I nodded hard, because what else was there to do? No, I was not okay. I can’t feel this way about you suddenly meant so much more. After we do what we have to do, you could leave suddenly meant so much more.
Confusion danced across his face. For once, he couldn’t tell what I was thinking. He reached for my hand. “Come here,” he mouthed.
I looked down at the towel in my hand, not finished yet. “Please,” he breathed.
He scooted carefully down the couch and I climbed up, tucking my feet under me and letting him gather me against him with his free arm. I tucked my head against his chest. I could hear the steady beat of his heart, smell sharp, coppery blood on his skin.
Anya startled, but settled back down with a whimper, curling into a ball so her little blond head rested against my shoulder. I heard the tiniest catch of Stellan’s breath, enough to tell me he’d noticed, small enough to tell me he was pretending not to care. He pressed his face into my hair. Our breaths mingled with Anya’s slow, even, sleeping ones, and a few minutes later, when Stellan’s cheek touched my forehead, it was wet.
CHAPTER 21
From the plane, we’d sent the recording I’d made of Lydia to Elodie and Jack. Within an hour, the whole Circle had heard it. Some families said that we’d fabricated it. Some were calling for the Saxons’ heads. It felt like we were back to where we were just before the initiation, but that was a
vast improvement. Even if the Saxons did now have the virus and what they thought was the cure, if enough of the Circle believed us and started paying attention to where the threat was really coming from, we might be able to stop them.
Anya was sitting at the far window of the car, her face buried in a stuffed gray-and-pink mouse we’d bought at the airport and her hand in her brother’s. I was trying not to stare at her—she had been an abstract idea for so long, and now here she was in the flesh, looking like a regular, overwhelmed seven-year-old girl. She didn’t speak any English, but I’d been giving her encouraging smiles since she woke up. All she’d done was stare at me, her huge blue eyes with a gold ring around them exactly like Stellan’s.

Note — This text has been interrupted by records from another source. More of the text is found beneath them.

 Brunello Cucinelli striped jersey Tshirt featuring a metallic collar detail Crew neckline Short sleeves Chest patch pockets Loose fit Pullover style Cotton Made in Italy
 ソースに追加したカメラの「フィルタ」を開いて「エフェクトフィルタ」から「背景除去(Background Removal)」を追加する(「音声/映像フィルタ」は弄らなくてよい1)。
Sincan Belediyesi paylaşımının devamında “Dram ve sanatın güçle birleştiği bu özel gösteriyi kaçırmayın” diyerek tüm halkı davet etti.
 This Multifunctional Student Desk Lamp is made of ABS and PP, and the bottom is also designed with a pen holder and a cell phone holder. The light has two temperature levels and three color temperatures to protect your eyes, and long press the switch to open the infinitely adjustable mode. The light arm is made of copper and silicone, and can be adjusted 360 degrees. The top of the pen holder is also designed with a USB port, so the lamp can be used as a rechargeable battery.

For his part, I kept catching him watching me, curious and thoughtful, like I was something to unlock and he didn’t have quite the right key. He was sitting in the middle, his long legs splayed to fit in the small backseat. I was far too aware of the spot where his thigh rested against mine, of the roughness of his hand when he touched my arm to show me that the entire area around the Eiffel Tower had been cordoned off, police surrounding it.
I loved him. I love you, I said experimentally in my head. Oh God.

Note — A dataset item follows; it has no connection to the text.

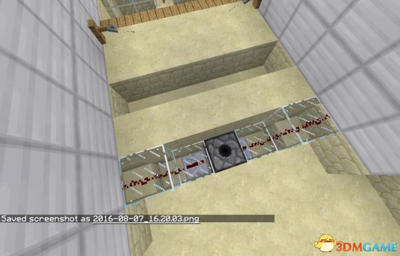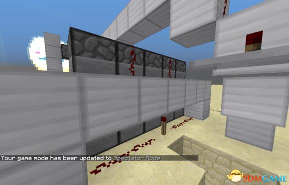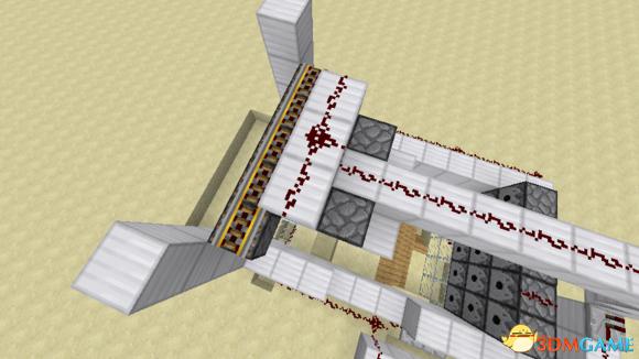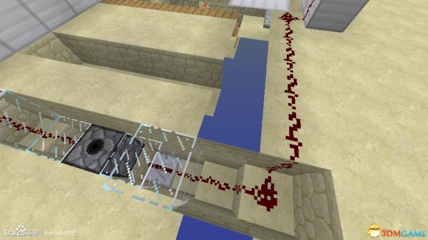 最后一条线路就是连接发射水了,中继器给方块充能,触发发射器。
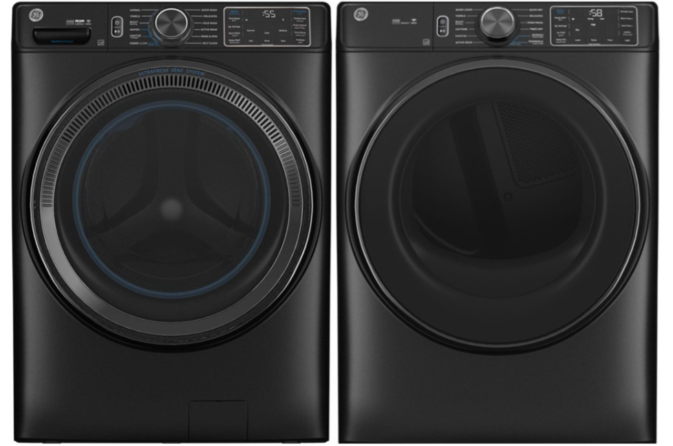 GE® Carbon Graphite Front Load Laundry Pair with a 5.8 cu. ft. capacity front load washer and a 7.8 cu. ft. capacity front load electric dryer.Read More

I hadn’t thought it would be possible. I was too scared of caring, way too scared of losing, especially now, when losing him was such a real possibility. And no matter what, there was no way I could feel this strongly about Stellan. Because I used to date his ex–best friend. Because he wasn’t the kind of guy I should go for. Because while I was thinking about his tongue in my mouth, my mom died. Because we were supposed to be married. Because we were the end of the world.